有了沈云泽的命令,加上他带过来的几名护卫,沈云萱和另外一个落水的人,很快就被救了上来。
这时,众人才看清另一位落水的人是谁。
“不好,竟然是太常寺卿家的六公子!”
“那可是个出了名的病秧子,韩家的宝贝疙瘩。”
“冷水泡这么久,身子铁定要垮掉,少不了要一场大病。”
“你看这人怎么一动不动,不会是昏死过去了吧,怕是要出事啊。”
宋芝和卫知兰匆匆赶来时,见到自家的几个孩子都完好无损地站在那里,刚刚松了一口气,就听到众人惊慌失措的议论。
宋芝转头看向岸边,只见那位韩六公子双眼紧紧闭着,脸色惨白如纸,嘴唇泛着乌青。浑身衣裳浸透湖水,紧紧贴在单薄的身上,衬得身形愈发瘦弱单薄。
他发丝湿漉漉地黏在额头脸颊,嘴角还往外淌着些许湖水,胸口起伏微弱,只有浅浅一丝气息,四肢冰凉僵硬,瘫在地上半点动静都无,看着奄奄一息,格外吓人。
韩家随行的仆妇家丁吓得脸色惨白,慌慌张张围上去,手忙脚乱想要给他擦拭身上水渍。
韩山越自幼体弱多病,韩家人看得极紧,平日里压根不许他靠近河边湖边,生怕出半点意外。
今日日头正好,园子里投壶处热闹非凡,这般鲜活热闹的场面,是他平日里极少能体验到的。他心里实在好奇,忍不住想凑过去瞧瞧,便全然不顾身边下人苦苦劝阻,趁着没人留意,悄悄挤进了人群里。
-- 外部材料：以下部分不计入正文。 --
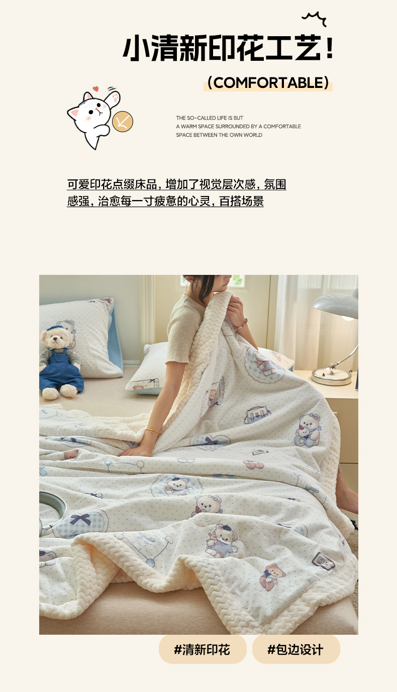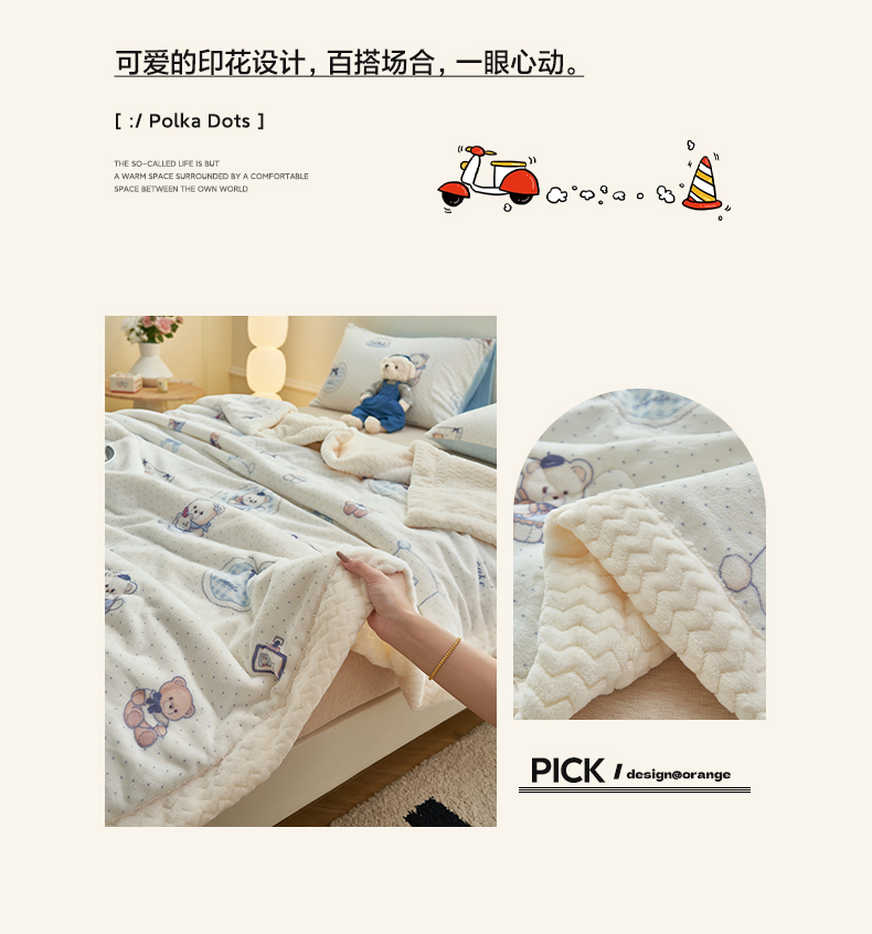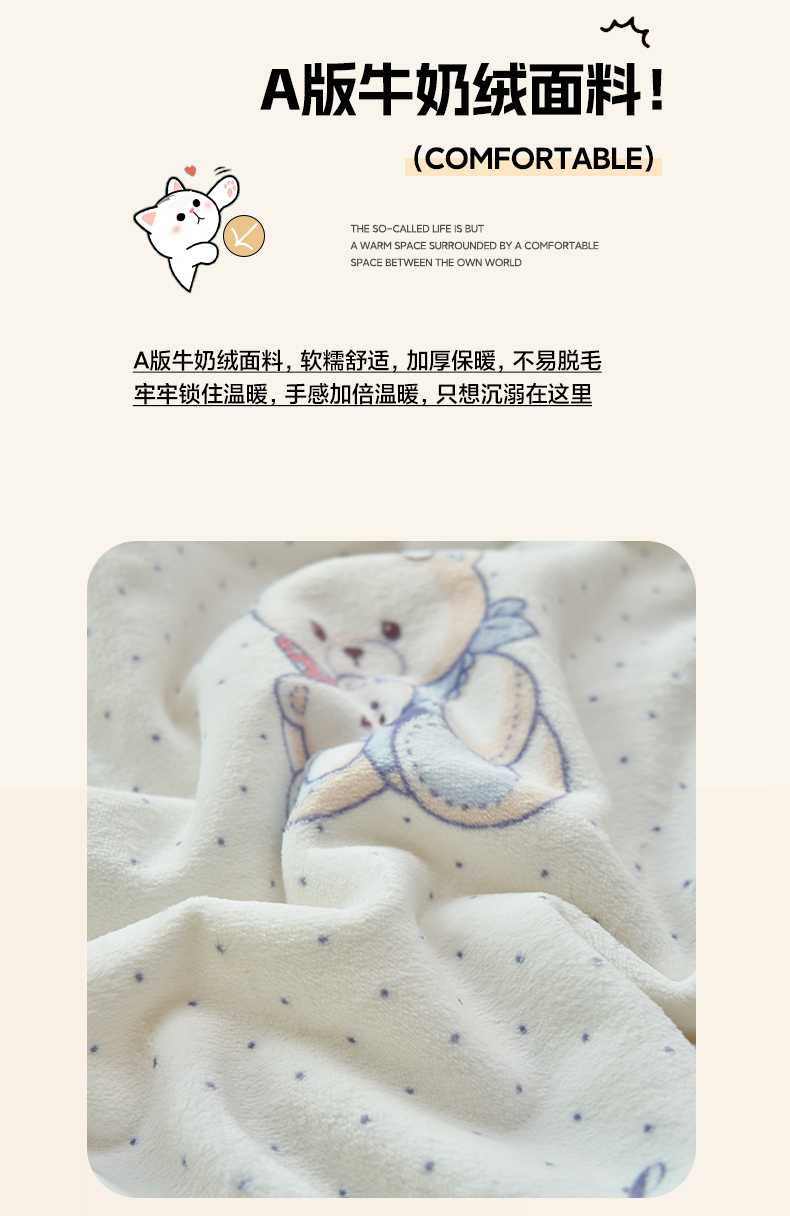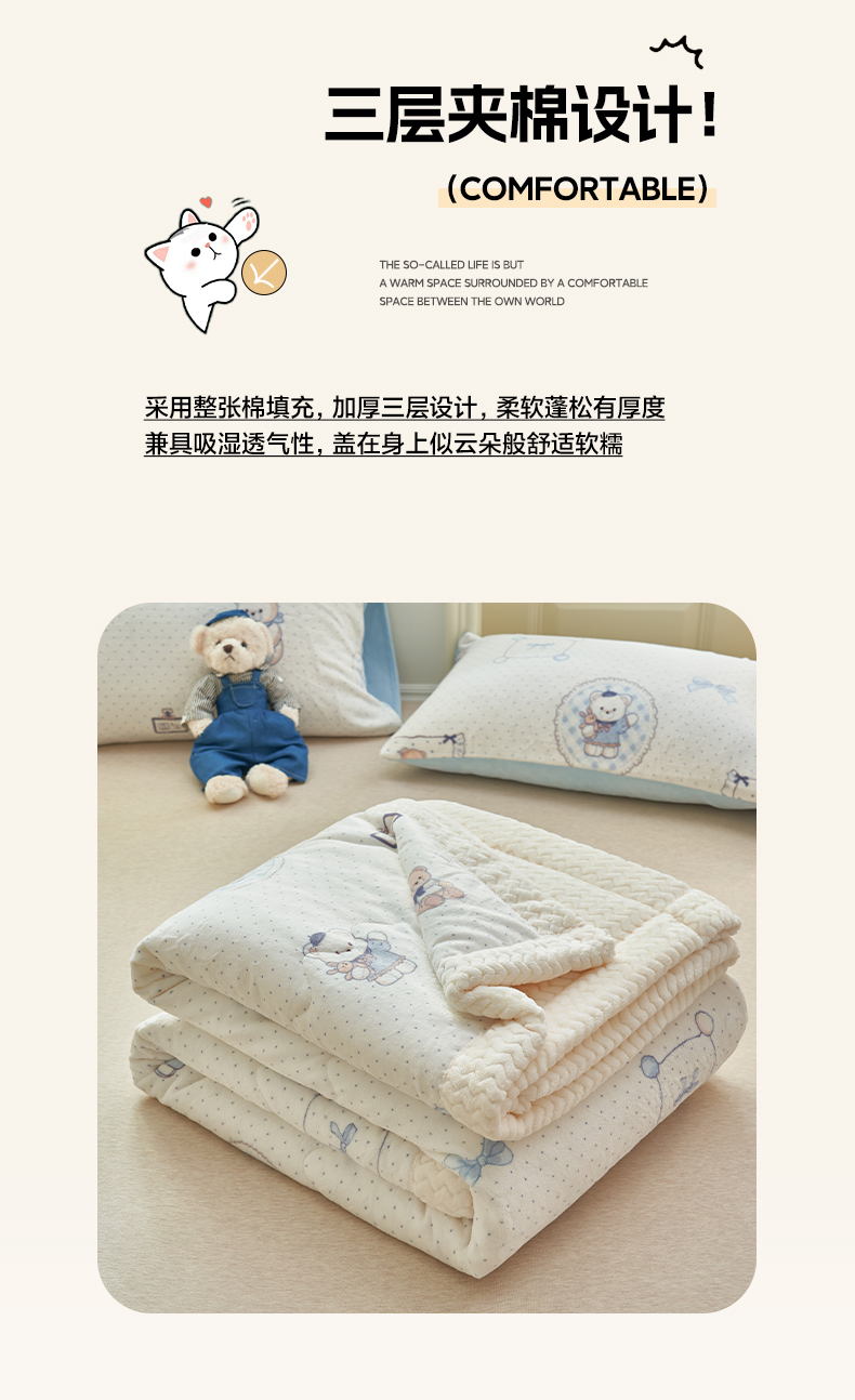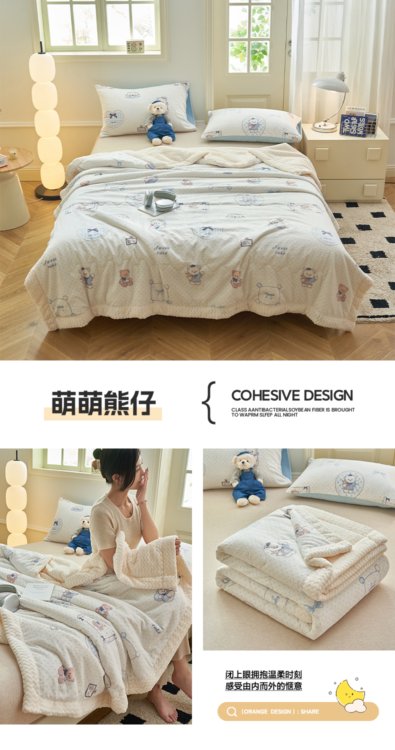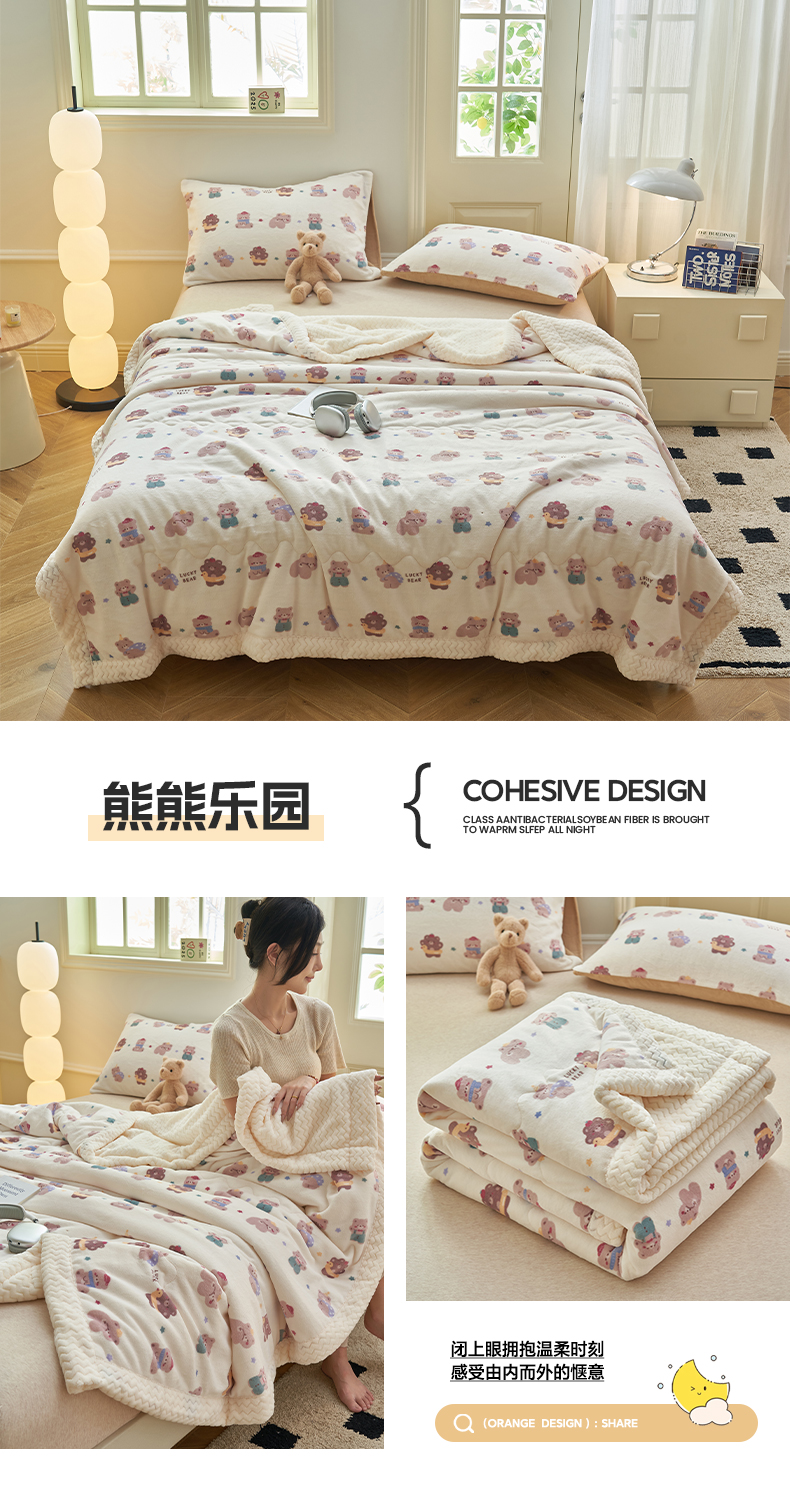 商品名称:晨曦家纺 2025新款加厚保暖牛奶绒贝贝绒三层夹棉毛毯可爱卡通 萌萌熊仔

看着一众少年意气风发投壶玩乐,他站在人群里跟着众人欢呼喝彩,心里又羡慕又欢喜。一时玩得尽兴,没顾上身后就是湖边,不知不觉就被涌动的人群裹挟,站到了离湖水最近的位置。
正当他看得入神之际,袖子忽然被人猛地一扯。他还没来得及看清状况,整个人就被带着一头栽进了冰凉的湖水里。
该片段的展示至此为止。